■ **Exercise details**
Copy, with no pictures, the line that contains "Подушка для беременных" and each line after it down to the end of the entries below, exactly.
**** Materials provided
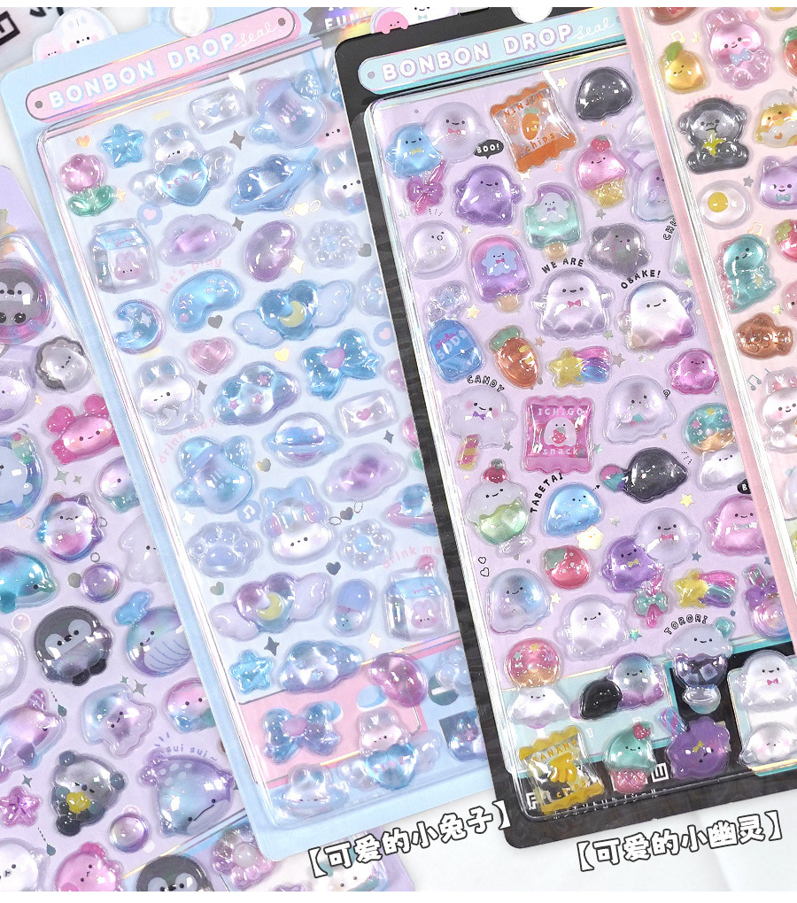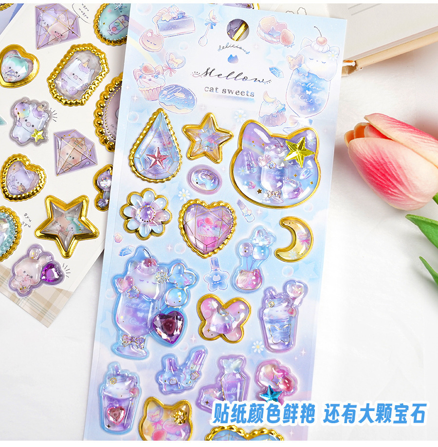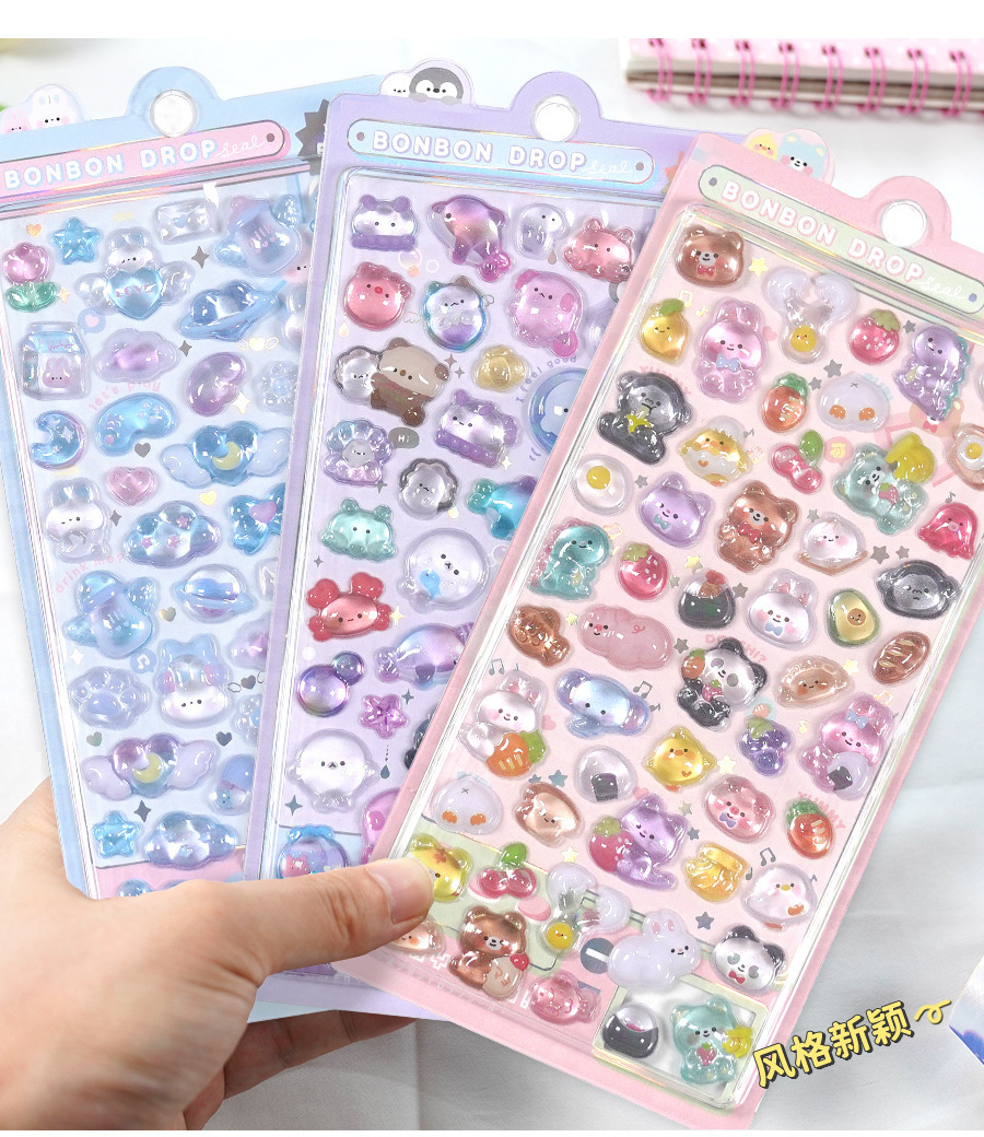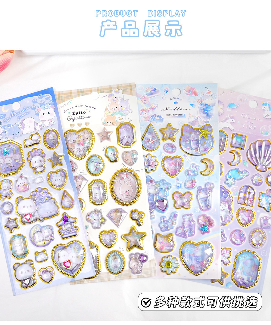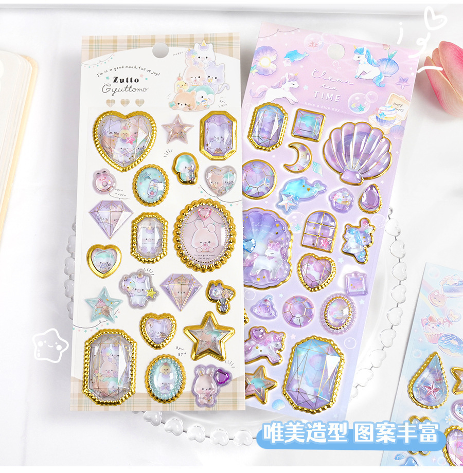 定制3d浮雕趣味贴立体水晶贴纸水晶钻石浮雕贴纸定制创意手账贴纸
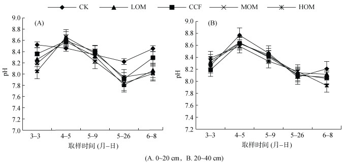 如图 2所示,不同时期各个土层土壤pH差异明显,4月5日前后,土壤pH达到峰值,后期呈明显下降趋势。0~20 cm土层pH在峰值时各处理均高于CK,但在其他时期各处理的土壤pH均明显低于CK,特别是在3月3日、5月26日及6月8日前后各处理间差异显著,基本表现为CK>CCF>LOM>MOM>HOM; 在6月8日小麦成熟期时,有机肥替代处理LOM、HOM、MOM的pH较CCF处理分别下降了27.7%、33.8%、31.4%。20~40 cm土层各处理间pH差异不明显。说明有机肥替代化肥处理对盐碱地0~20 cm土层pH影响明显,且随着有机肥替代量的增加土壤pH呈逐渐下降趋势。
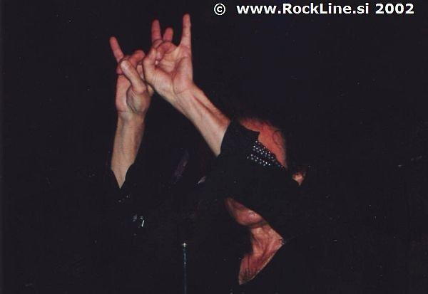 Potem so imeli roadyji precej dolg šov. Seveda se bojijo in v celoti upoštevajo avtoriteto njegove ekselence Ronnieja Jamesa Dia, ki rad ponori, če kdaj kakšen od zvočnikov vsaj malo in nehote prdne, kot ne bi smel. No, skozi gosto meglo in ob zvokih intra so se člani skupine prikobacali na oder. “Killing The Dragon”, takoj mravljinci. Uf, ta rif!!! Dio, pred menoj je Dio! 60 letni možakar, metermož, ki vriskne, da nas sleče iz kož. In tudi tokrat je bil Dio kot Dio izpred tridesetih let. Takoj sem zaznal magijo med legendo Jimmyjem Bainom (ex – Rainbow) in Ronniejem na odru. Dva dobra stara kompanjona med katerima ni nobene skrivnosti.
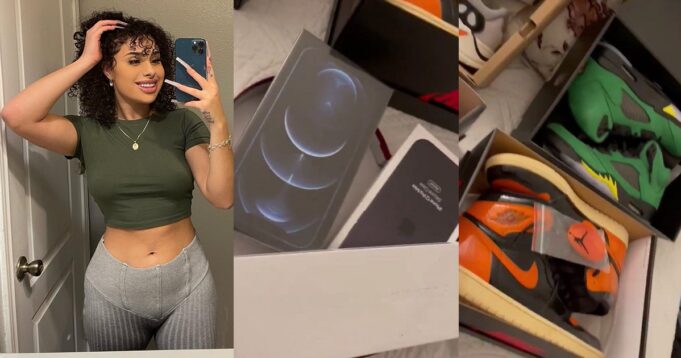 The lady with handle, @frostedaline bought a number of gift items like two iPhone 12 Pro Max, six sneakers, and personal hygienic items. Also, the young woman laid out some dollar bills together with the other gifts.
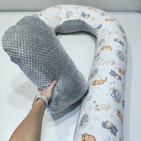Подушка для беременных и не только! - Ткань наперника- 100% хлопок. - Ткань наволочки- 100% хлопок- сатин + гипоаллергенный плюш. - Наполнитель - гипоаллергенный холлофайбер LUXE, это самый лучший и самый дорогой наполнитель. - Ластовица в изголовье предотвращает натирание швом и увеличивает срок службы подушки. Подушка U формы, чехол на молнии. В напернике тоже молния для того, чтобы вы могли регулировать наполнитель на свой вкус. В комплект входит: 1. Подушка: наперник с наполнителем; 2. Наволочка с молнией; 3. Сумка для хранения и переноски. 4. Рекомендации по уходу.
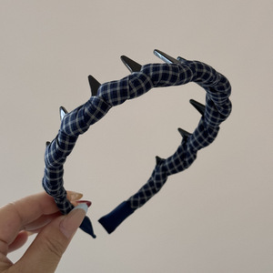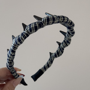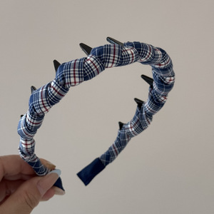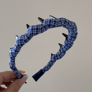 チェック柄の布製ロング歯フープ - ネイビーブルー
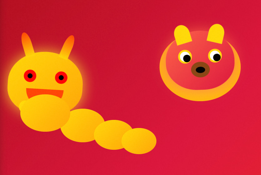 “要有一条金色的舞龙和红色的舞狮,它们需要有舞动的动画效果,会自动在屏幕上移动”
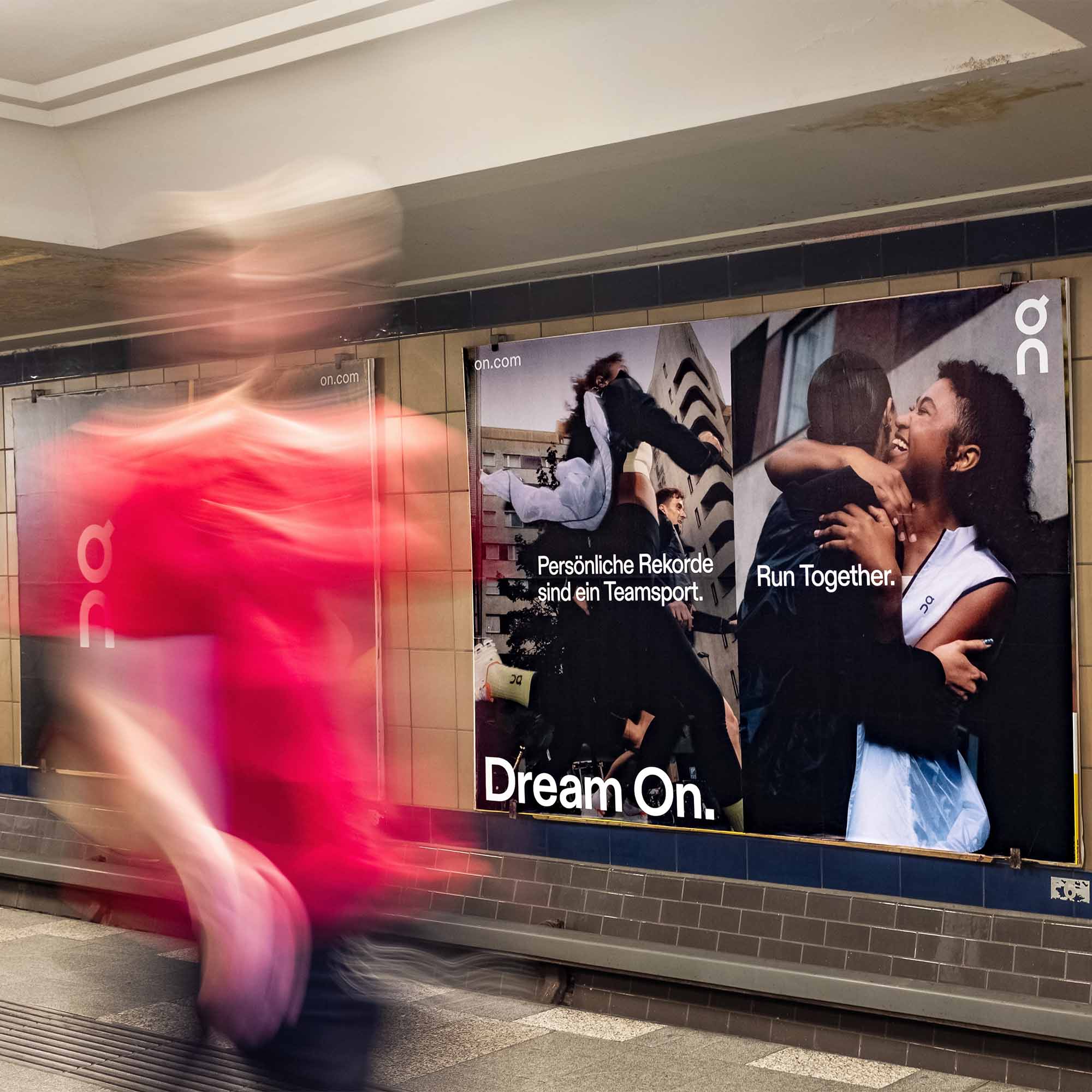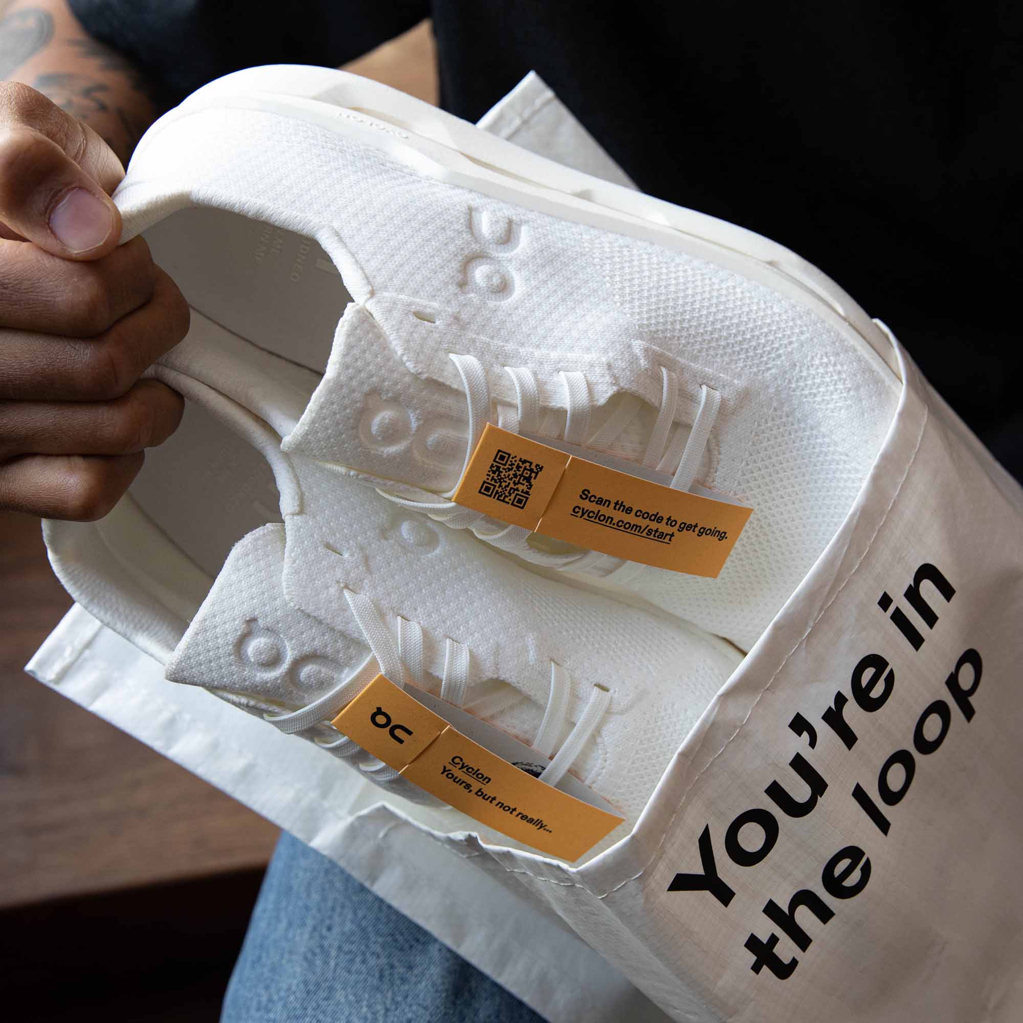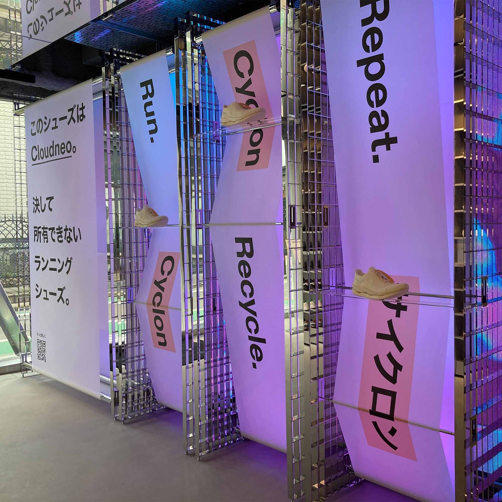 Graphic identity for the first running shoe based on a circular subscription model. The graphics embody the concept of continuous evolution through a live text edit style that includes typing, highlights, underlines, and strikethroughs, reflecting the ongoing nature of the subscription model.
********
■ **Exercise solution**
Подушка для беременных и не только! - Ткань наперника- 100% хлопок. - Ткань наволочки- 100% хлопок- сатин + гипоаллергенный плюш. - Наполнитель - гипоаллергенный холлофайбер LUXE, это самый лучший и самый дорогой наполнитель. - Ластовица в изголовье предотвращает натирание швом и увеличивает срок службы подушки. Подушка U формы, чехол на молнии. В напернике тоже молния для того, чтобы вы могли регулировать наполнитель на свой вкус. В комплект входит: 1. Подушка: наперник с наполнителем; 2. Наволочка с молнией; 3. Сумка для хранения и переноски. 4. Рекомендации по уходу.
 チェック柄の布製ロング歯フープ - ネイビーブルー
 “要有一条金色的舞龙和红色的舞狮,它们需要有舞动的动画效果,会自动在屏幕上移动”
 Graphic identity for the first running shoe based on a circular subscription model. The graphics embody the concept of continuous evolution through a live text edit style that includes typing, highlights, underlines, and strikethroughs, reflecting the ongoing nature of the subscription model.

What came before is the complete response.